Once build is complete, Claude dispatches two reviewers simultaneously. The first asks: did we build what we said we'd build? It goes requirement by requirement, including edge cases, and checks against the Task Spec from Clarify. The second asks: is the code well-written? It checks structure, readability, maintainability, and skill compliance. Each issue gets a severity rating. The verdict: Ready, Needs Work, or Needs Rework.

This is the phase most people skip. It's also the one that catches the most problems before they become QA issues or production bugs.

/fix -- Diagnosis before action.

When something's wrong, Claude doesn't immediately start changing code. It investigates, traces the data flow, performs root cause analysis, and presents a diagnosis. Then it stops. Waits for your approval. Only after you confirm does it apply the fix. And at the end, it reports which skill should have prevented the issue in the first place.

This forced pause matters more than it sounds. Half the time, looking at the diagnosis reveals a different problem than the one you thought you had.

/capture -- Learning that compounds.

After each completed cycle, Claude reviews everything and asks: "If I'd known this before starting, would it have saved time or prevented a mistake?" If yes, it documents the learning. Next time /plan runs on this project, it reads those learnings first.

Over time, every project becomes easier to work on. The skills sharpen. The patterns accumulate. Nothing starts from scratch.

The Skills Layer

Behind the pipeline: eight skills that define exactly how Liquid, CSS, JavaScript, sections, schemas, theme architecture, and Figma-to-code translation should be written for Shopify themes. Plus a Research skill that looks up anything Shopify-related online, documentation, repos, community discussions, so Claude is working from current, sourced information rather than assumptions.

These skills aren't optional context. They're enforced. Every command loads them before acting. If one is missing, the command won't proceed.

That's the point. You can have a perfect workflow and still get inconsistent output if the skills aren't applied every time, without exception. The plugin makes that automatic.

Three Projects, One Week

A few weeks ago, three Shopify projects landed simultaneously. One had production bugs on a live store. One needed new sections built from Figma designs. One was my own project needing go-live enhancements.

Three codebases. Three clients. One week.

What would normally have been an overwhelming context-switch, different codebases, different clients, different stages, just wasn't. I ran the same pipeline across all three. Claude loaded the same skills each time. The decisions that would normally get made inconsistently under deadline pressure were already made, baked into the workflow.

All three shipped by Friday.

That week was the proof. Not because the tasks were easy, but because the structure held even when I was stretched thin.

What I Got Wrong (And Still Get Wrong)

This workflow adds phases. If you're in a rush, Clarify and Plan feel like overhead. The first few times I ran it, I kept wanting to skip straight to Build.

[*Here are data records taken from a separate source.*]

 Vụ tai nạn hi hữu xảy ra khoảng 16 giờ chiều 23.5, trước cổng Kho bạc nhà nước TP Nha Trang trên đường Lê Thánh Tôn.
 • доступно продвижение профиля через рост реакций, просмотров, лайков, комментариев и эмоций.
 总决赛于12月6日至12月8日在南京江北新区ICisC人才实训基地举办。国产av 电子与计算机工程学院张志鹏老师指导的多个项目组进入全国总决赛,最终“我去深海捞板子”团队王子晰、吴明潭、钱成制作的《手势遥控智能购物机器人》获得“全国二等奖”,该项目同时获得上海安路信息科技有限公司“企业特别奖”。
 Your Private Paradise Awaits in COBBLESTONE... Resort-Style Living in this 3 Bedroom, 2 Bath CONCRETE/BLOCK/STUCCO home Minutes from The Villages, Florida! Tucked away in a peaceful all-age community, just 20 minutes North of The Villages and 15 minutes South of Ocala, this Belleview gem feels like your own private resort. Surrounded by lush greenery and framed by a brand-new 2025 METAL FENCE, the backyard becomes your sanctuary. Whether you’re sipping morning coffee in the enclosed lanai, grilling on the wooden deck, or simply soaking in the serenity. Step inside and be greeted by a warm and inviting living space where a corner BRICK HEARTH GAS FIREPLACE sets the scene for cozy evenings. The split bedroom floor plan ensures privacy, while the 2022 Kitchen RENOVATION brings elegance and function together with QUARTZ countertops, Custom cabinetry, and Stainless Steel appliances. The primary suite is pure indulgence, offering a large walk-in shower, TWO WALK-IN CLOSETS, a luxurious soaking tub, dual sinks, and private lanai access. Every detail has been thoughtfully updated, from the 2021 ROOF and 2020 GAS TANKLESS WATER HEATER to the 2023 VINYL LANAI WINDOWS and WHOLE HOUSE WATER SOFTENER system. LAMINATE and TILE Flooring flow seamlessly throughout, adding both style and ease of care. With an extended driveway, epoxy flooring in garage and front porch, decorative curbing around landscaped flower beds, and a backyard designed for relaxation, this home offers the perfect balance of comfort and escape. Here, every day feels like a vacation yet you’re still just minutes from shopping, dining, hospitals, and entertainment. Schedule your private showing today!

The issues caught in Assess, before QA, before production, consistently represent work that would have taken longer to fix after the fact than Plan took to prevent. But I had to learn that through experience, not faith.

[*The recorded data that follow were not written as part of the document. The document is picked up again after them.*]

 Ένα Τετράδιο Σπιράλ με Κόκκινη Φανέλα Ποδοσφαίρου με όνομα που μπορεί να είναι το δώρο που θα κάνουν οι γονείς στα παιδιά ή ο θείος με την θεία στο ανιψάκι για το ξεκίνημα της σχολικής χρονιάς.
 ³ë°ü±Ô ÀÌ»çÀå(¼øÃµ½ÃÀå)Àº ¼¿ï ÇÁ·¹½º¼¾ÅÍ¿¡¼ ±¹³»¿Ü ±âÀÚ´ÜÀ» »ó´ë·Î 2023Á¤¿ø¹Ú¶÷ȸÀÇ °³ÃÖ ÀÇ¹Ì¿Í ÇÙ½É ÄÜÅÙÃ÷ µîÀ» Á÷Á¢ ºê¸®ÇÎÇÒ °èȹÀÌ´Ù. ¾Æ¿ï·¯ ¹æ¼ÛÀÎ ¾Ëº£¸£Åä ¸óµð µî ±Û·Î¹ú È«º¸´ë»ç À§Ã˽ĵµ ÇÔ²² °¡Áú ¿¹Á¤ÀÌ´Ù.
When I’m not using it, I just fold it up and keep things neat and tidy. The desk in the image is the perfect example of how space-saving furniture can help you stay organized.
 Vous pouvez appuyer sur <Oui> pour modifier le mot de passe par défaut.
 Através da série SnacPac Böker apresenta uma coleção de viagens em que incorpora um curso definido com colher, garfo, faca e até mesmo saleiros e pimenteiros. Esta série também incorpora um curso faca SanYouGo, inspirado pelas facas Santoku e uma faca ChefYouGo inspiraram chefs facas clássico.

The other honest thing: Capture is only as useful as what you put into it. The learnings compound if you complete the cycle. If you cut the session before running Capture because the feature shipped and you moved on, that learning disappears. The discipline has to be consistent.

The Principle Behind the Plugin

The plugin is specific to Shopify theme development. The principle isn't.

We're already letting AI do the work. That decision is made. The question now is whether we have governance over how it does it. Whether we're the ones deciding the requirements, the plan, the skills. Or whether we're handing that over along with the code and hoping the output is consistent.

Compound Engineering is the answer to that question for me. Clarity before planning. Planning before building. Assessment before shipping. Learning before the next task.

Each phase produces something that feeds the next. Nothing is improvised. Nothing starts from zero. Quality compounds.

Stop prompting. Start engineering with it.